The eye cannot say to the hand, “I have no need of you,” nor again the head to the feet, “I have no need of you.” On the contrary, the parts of the body that seem to be weaker are indispensable, and on those parts of the body that we think less honorable we bestow the greater honor, and our unpresentable parts are treated with greater modesty, which our more presentable parts do not require. But God has so composed the body, giving greater honor to the part that lacked it, that there may be no division in the body, but that the members may have the same care for one another. If one member suffers, all suffer together; if one member is honored, all rejoice together.1 Corinthians 12:21-26
Over the last few weeks, we’ve encountered more than a few people who are facing serious disease scenarios in their lives. One of our friends is working through a cancer protocol and another friend mentioned the unexpected diagnosis of another younger man (a non-smoker) facing stage four lung cancer in both lungs. And then yesterday we heard of a nineteen-year-old who died in the shower of a heart attack.

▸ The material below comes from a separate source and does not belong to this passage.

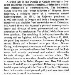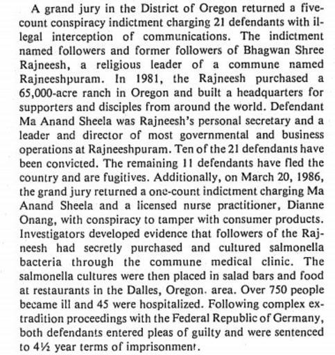 Keywords: 1986 US Attorney General report on Rajneesh movement crimes.jpg Annual Report of The Attorney General of the United States page 77 <br />A grand jury in the District of Oregon returned a five count conspiracy indictment charging 21 defendants with illegal interception of communications The indictment named followers and former followers of Bhagwan Shree Rajneesh a religious leader of a commune named Rajneeshpuram In 1981 the Rajneesh purchased a 65 000-acre ranch in Oregon and built a headquarters for supporters and disciples from around the world Defendant Ma Anand Sheela was Rajneesh's personal secretary and a leader and director of most governmental and business operations at Rajneeshpuram Ten of the 21 defendants have been convicted The remaining 11 defendants have fled the country and are fugitives Additionally on March 20 1986 the grand jury returned a one-count indictment charging Ma Anand Sheela and a licensed nurse practitioner Dianne Onang with conspiracy to tamper with consumer products Investigators developed evidence that followers of the Rajneesh had secretly purchased and cultured salmonella bacteria through the commune medical clinic The salmonella cultures were then placed in salad bars and food at restaurants in the Dalles Oregon area Over 750 people became ill and 45 were hospitalized Following complex extradition proceedings with the Federal Republic of Germany both defendants entered pleas of guilty and were sentenced to 4 1/2 year terms of imprisonment https //www ncjrs gov/pdffiles1/Digitization/126900NCJRS pdf www ncjrs gov 1986 Attorney General of the United States Edwin Meese PD-US-Gov File 1986 Annual Report of The Attorney General of The United States pdf<br />s 1986 US Attorney General report on Rajneesh movement crimes United States Department of Justice 1984 Rajneeshee bioterror attack PD-USGov |

Do these details make you a little uncomfortable? We give little thought to our lungs or heart or any other organ unless there is a problem, right?
In the last verse above, Paul reminds us of both the negative and the positive aspects of being part of the body of Christ. It is true that when one part of our physical body suffers, the whole body suffers, then how much more true is it when the body of Christ is attacked by disease and dysfunction? In the same way, we should be able to share in the joy of others.
Paul is concerned about the health of the church in Corinth, but it seems that these words are just as relevant today.
Ask yourself a few questions: How do I respond to others who have different gifts or abilities? Am I envious? Do I look down on them? And then these: When have I shared in the suffering of a brother or sister in Christ? Or, how easy is it for me to rejoice in their triumph?